The chairman and CEO of Berkshire Hathaway, Warren Buffett who is also the world’s most successful value investor, published his annual letter to shareholders on February 24, 2018.
The letter is widely followed not only by the international financial media but also by many investors around the world due to his remarkable track record and also since it is considered one of the best reviews on the US stock market and the wider economy.
He wrote, though the company has a huge amount dedicated to one or more large acquisitions, he and his partner Charlie Munger were unable to invest because of the high share prices.
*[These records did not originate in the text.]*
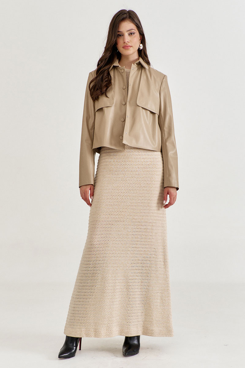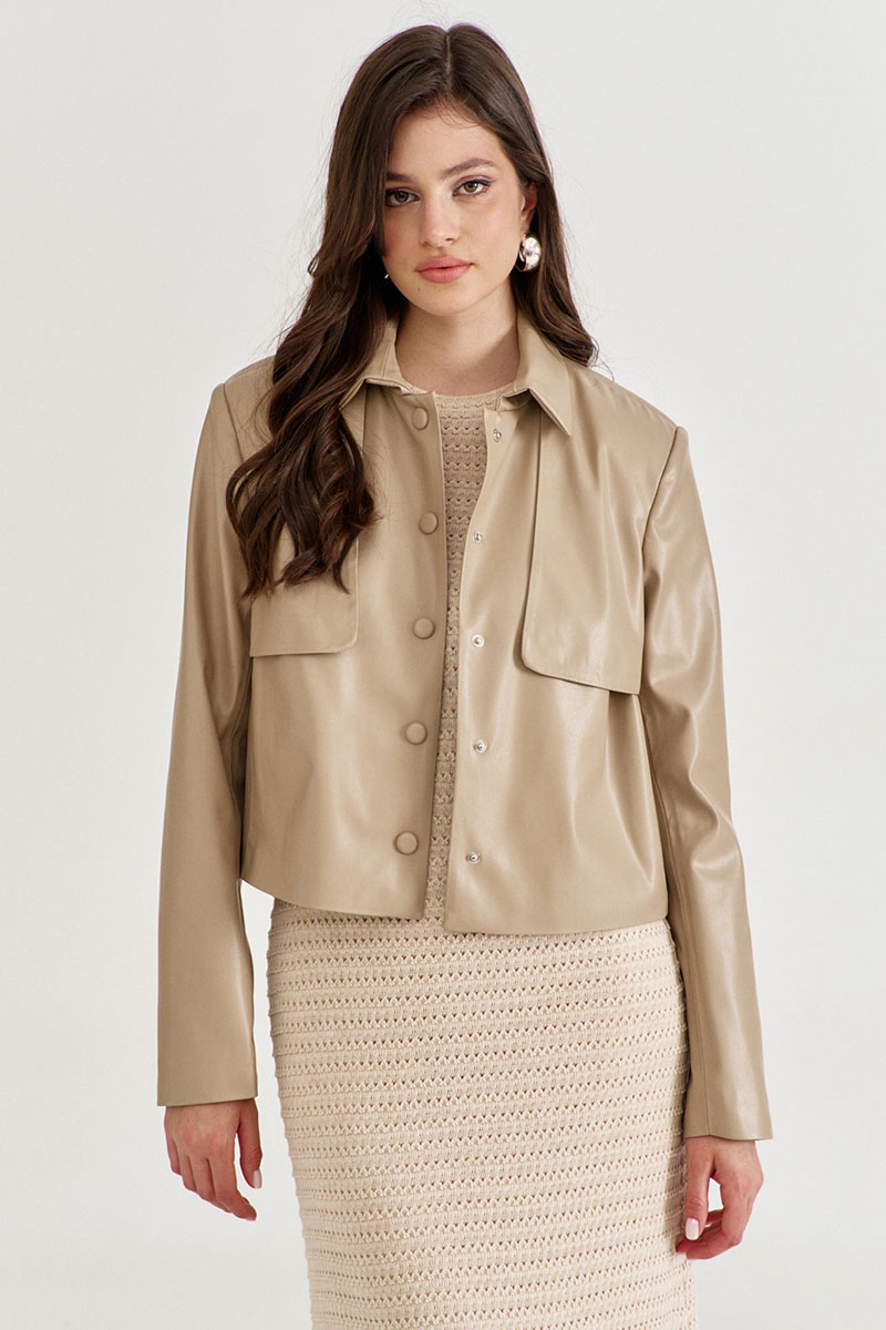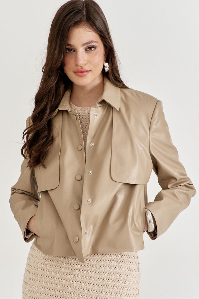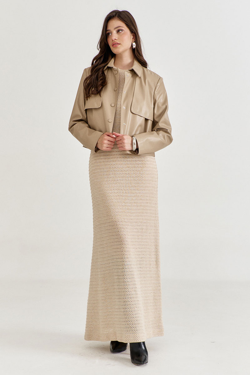 Куртка свободного кроя, длиной выше бедер. Спинка со средним швом и отлетной кокеткой. Перед с отлетной кокеткой и рельефом, в котором обработаны карманы. Рукава двушовные, втачные, длинные. По горловине воротник на отрезной стойке. Застежка по переду на кнопки. Куртка на подкладке и с плечевыми накладками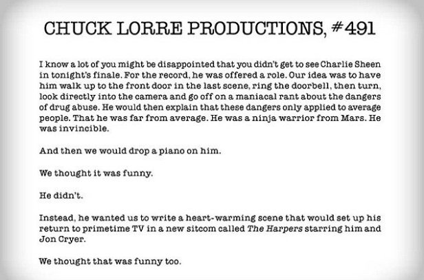 I’ll end this blog with a freeze frame of one of my favorite vanity cards, which always appear at the end of every Chuck Lorre production and often times act as personal messages to the audience (if they are fast enough to read them). This is the one that appeared after the series finale of Two and a Half Men, after Charlie Sheen was replaced by Ashton Kutcher years earlier.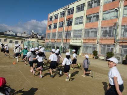 ゆっくりかけ足では,運動場のトラックを5分間走ります。できるでけ同じペースで走れるように練習しています。また,時間の中でたくさん走れるようにということも目指しています。3組さんもみんなと一緒に,5分間立ち止まることなく走り続けることができています。5分間で何週走れるかにも挑戦していきたいと思います。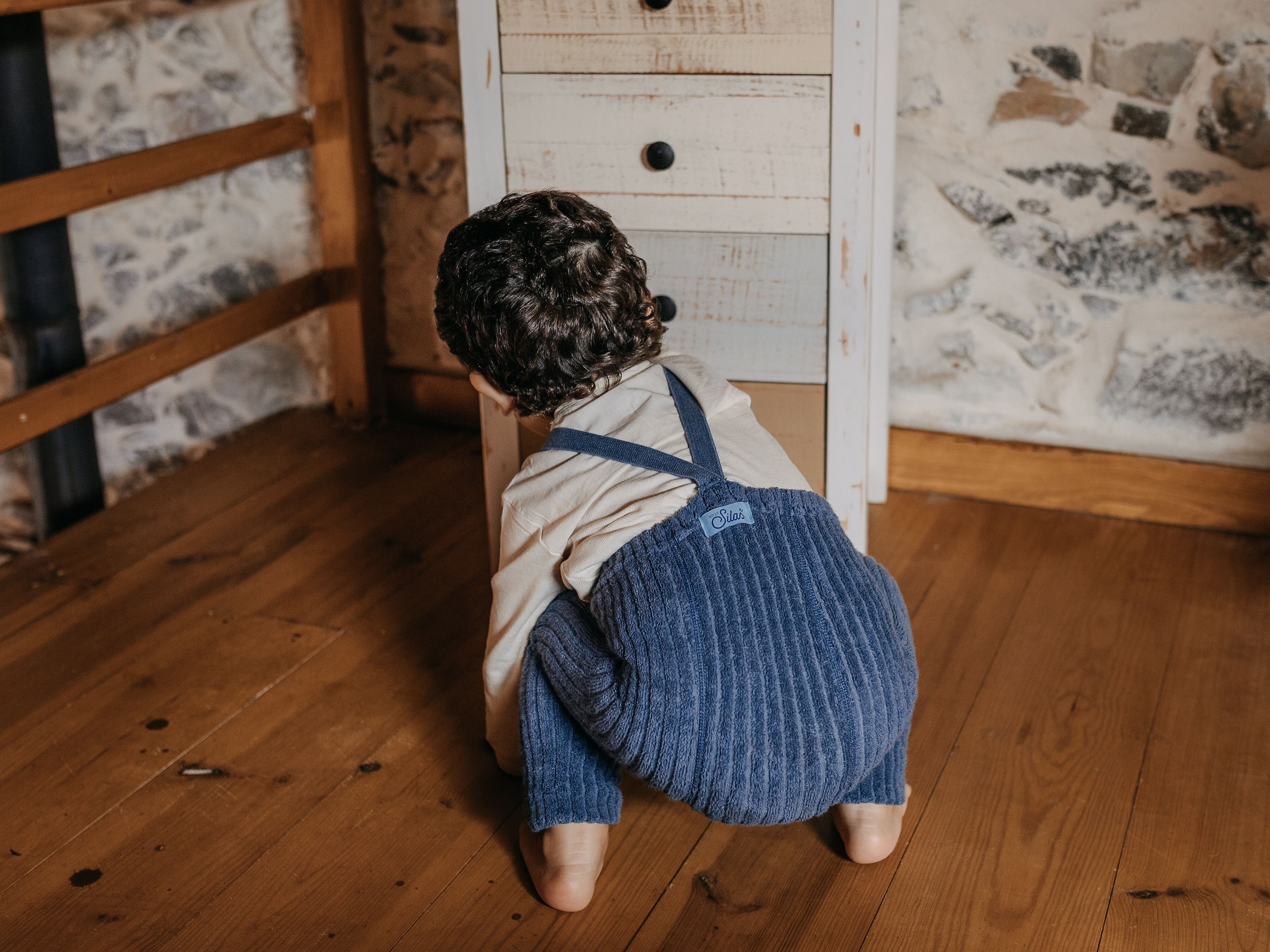 “おばあちゃんのタイツ”と名付けられたヴィンテージライクなワイドリブ生地は、どこか懐かしい雰囲気。デザインはそのままに、テディベアのようなふんわり質感で、お子さまのお腹をあたたかく包みます。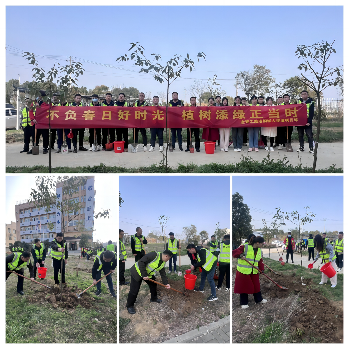 桐城大建設(shè)項目黨支部組織職工在項目部駐地開展“不負(fù)春日好時光 植樹添綠正當(dāng)時”主題植樹活動。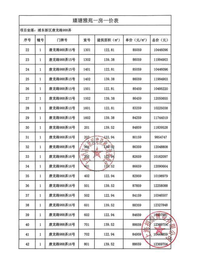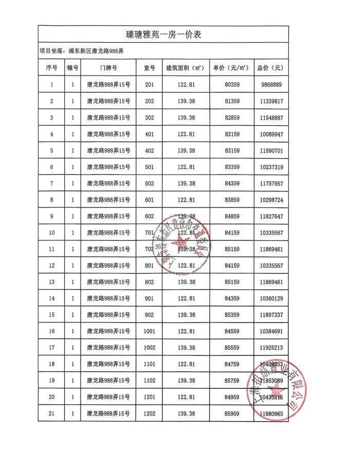 项目一房一价表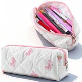 Coquette Bow Design - Our preppy pencil case features a charming bow print and elegant zipper pendants, adding a touch of sophistication to your stationery collection while keeping your essentials neatly organized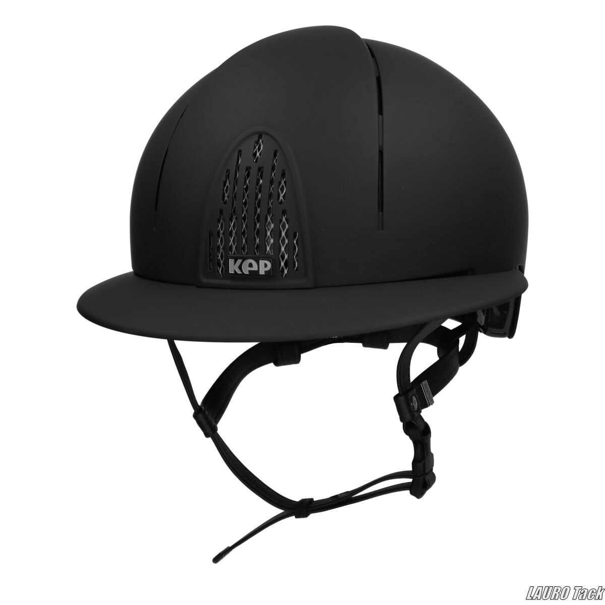 シックなブラック仕上げにポロバイザーを備えたKEP ItaliaのSmartモデル。VG1安全規格を満たし、軽量で快適な設計。通気性のあるベンチレーション構造と5点式チンストラップを装備。取り外して洗えるCoolmaxインナーが清潔さと快適さを維持します。専用バッグ付き。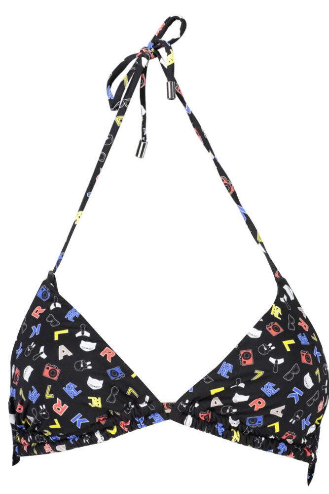 Maiô triangular, gravata, fecho de pressão e gravata, detalhes contrastantes, estampa, logotipo

He stated, “In our search for new stand-alone businesses, the key qualities we seek are durable competitive strengths; able and high-grade management; good returns on the net tangible assets required to operate the business; opportunities for internal growth at attractive returns; and, finally, a sensible purchase price. That last requirement proved a barrier to virtually all deals we reviewed in 2017, as prices for decent, but far from spectacular, businesses hit an all-time high.”
He also hinted at the current stock market behavior and the importance to have the available liquidity to take opportunities that can be presented if share prices decline rapidly.
He stated that “though markets are generally rational, they occasionally do crazy things. Seizing the opportunities then offered does not require great intelligence, a degree in economics or a familiarity with Wall Street jargon such as alpha and beta. What investors then need instead is an ability to both disregard mob fears or enthusiasms and to focus on a few simple fundamentals. A willingness to look unimaginative for a sustained period – or even to look foolish – is also essential.”